Stochastic gradient descent (SGD)

See also: Machine learning terms

Introduction

Stochastic gradient descent (SGD) is an optimization algorithm commonly used in machine learning and deep learning to minimize a given objective function. It is a variant of the gradient descent algorithm that performs updates on a randomly selected subset of the data, rather than the entire dataset, at each iteration. This approach offers several advantages, including faster convergence and the ability to escape local minima in non-convex optimization problems.

Background

Gradient Descent

Gradient descent is an iterative optimization algorithm used to minimize a differentiable objective function. The idea behind gradient descent is to update the model parameters iteratively by moving them in the direction of the negative gradient of the objective function with respect to the parameters. This movement is governed by a learning rate, which determines the size of the steps taken towards the minimum.

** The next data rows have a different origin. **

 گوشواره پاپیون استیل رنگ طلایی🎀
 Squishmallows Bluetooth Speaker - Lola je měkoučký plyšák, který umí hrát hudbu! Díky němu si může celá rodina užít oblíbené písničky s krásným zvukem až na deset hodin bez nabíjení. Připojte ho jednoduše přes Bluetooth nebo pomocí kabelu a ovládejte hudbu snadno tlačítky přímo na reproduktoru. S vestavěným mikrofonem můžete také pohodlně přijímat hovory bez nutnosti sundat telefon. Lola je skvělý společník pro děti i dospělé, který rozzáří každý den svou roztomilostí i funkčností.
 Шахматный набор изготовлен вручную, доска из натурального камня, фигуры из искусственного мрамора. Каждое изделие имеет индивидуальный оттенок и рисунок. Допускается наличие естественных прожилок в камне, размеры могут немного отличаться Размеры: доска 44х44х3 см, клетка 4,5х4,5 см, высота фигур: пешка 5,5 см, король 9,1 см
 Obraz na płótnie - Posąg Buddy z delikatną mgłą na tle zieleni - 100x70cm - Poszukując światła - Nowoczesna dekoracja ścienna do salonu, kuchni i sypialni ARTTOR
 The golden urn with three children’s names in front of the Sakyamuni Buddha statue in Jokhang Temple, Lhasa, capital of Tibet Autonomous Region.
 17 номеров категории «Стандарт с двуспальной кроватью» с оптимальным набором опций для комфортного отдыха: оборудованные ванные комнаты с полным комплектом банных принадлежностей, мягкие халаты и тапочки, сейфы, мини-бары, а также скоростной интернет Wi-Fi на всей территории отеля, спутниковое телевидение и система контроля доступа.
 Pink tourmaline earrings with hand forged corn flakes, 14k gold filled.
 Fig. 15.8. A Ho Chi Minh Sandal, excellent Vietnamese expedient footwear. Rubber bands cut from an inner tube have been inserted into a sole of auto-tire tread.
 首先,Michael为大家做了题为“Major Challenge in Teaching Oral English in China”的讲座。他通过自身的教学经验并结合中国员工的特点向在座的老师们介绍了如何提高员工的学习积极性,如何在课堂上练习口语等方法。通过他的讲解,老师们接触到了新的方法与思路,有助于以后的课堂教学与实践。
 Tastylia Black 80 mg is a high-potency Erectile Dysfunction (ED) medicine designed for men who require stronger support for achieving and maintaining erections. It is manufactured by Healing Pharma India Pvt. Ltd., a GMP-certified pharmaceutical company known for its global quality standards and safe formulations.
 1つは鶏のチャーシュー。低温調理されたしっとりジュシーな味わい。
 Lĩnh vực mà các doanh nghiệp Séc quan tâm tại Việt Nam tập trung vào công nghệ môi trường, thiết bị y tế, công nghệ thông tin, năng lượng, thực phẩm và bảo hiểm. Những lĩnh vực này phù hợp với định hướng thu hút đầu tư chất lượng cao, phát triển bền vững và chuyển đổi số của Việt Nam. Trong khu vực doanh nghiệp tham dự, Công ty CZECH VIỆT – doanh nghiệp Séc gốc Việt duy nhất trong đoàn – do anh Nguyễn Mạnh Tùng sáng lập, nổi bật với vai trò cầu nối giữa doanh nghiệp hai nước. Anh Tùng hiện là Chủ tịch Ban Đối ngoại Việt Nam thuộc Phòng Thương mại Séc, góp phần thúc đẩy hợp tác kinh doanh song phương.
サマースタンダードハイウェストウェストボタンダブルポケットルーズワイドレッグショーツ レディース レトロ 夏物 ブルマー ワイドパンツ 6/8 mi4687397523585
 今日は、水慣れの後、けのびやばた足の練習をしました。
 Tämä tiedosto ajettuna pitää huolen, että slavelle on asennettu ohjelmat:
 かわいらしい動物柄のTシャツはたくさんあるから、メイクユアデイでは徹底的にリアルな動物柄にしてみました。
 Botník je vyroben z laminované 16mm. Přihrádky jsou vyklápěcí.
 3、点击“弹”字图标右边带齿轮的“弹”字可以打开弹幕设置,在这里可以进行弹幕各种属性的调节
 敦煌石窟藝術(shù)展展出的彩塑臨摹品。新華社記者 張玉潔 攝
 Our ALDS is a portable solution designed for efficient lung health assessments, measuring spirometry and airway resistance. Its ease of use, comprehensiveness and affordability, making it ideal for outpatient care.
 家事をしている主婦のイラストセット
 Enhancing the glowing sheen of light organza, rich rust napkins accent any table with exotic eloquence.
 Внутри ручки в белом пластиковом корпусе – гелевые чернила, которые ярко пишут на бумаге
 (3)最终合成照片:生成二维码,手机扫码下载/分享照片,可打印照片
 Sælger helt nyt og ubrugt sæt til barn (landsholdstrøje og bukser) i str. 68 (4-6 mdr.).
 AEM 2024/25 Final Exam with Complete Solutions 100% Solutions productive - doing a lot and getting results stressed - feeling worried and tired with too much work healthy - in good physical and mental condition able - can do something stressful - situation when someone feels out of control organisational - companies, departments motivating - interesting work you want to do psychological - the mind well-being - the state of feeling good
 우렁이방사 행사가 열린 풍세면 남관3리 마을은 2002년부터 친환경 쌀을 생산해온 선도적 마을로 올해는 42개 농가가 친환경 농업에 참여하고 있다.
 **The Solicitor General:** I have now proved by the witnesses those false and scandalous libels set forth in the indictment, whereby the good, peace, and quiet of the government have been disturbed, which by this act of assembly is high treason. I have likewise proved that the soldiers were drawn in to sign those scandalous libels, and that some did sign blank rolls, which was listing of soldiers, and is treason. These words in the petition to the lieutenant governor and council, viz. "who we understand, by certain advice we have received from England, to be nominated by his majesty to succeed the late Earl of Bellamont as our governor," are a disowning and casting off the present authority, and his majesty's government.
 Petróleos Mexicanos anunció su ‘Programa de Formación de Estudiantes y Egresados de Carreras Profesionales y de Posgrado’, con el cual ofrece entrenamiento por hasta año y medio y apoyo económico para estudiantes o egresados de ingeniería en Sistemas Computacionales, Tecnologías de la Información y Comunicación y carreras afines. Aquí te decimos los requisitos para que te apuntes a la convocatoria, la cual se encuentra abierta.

Stochasticity in Optimization

The term "stochastic" refers to the presence of randomness in the optimization process. In the context of SGD, this randomness comes from the random selection of data points used in each iteration of the algorithm. This stochastic nature helps the algorithm explore the optimization landscape more effectively, allowing it to find better solutions and escape local minima in complex, non-convex optimization problems.

Algorithm

The main steps of the stochastic gradient descent algorithm are as follows:

1. Initialize the model parameters randomly or with a predefined starting point.
2. Randomly select a mini-batch of data points from the dataset.
3. Compute the gradient of the objective function with respect to the parameters, using the selected mini-batch.
4. Update the parameters by moving them in the direction of the negative gradient, scaled by the learning rate.
5. Repeat steps 2-4 until a stopping criterion is met, such as a maximum number of iterations, a desired level of convergence, or a predetermined time limit.

Advantages and Disadvantages

Advantages

• Faster convergence: Since SGD uses a smaller subset of the data at each iteration, it can make more frequent updates to the model parameters, resulting in faster convergence compared to batch gradient descent.
• Better generalization: The inherent noise introduced by the stochastic nature of the algorithm can help prevent overfitting, leading to better generalization performance on unseen data.
• Scalability: SGD is particularly useful for large-scale machine learning problems, as it can operate on subsets of the data, reducing the memory requirements and computational cost.

Disadvantages

• Noisy updates: The stochastic nature of the algorithm can lead to noisy updates, which might slow down convergence in some cases.
• Tuning required: The learning rate and other hyperparameters need to be carefully tuned for optimal performance, which can be a time-consuming process.

Explain Like I'm 5 (ELI5)

Imagine you're trying to find the lowest point in a hilly landscape at night, using a flashlight. Instead of looking at the entire landscape at once (like in regular gradient descent), you look at small parts of it at a time (this is the "stochastic" part). By doing this, you can find the lowest point more quickly and with less effort. This is similar to how stochastic gradient descent works in machine learning. It looks at smaller parts of the data to update the model parameters, making the process faster and more efficient.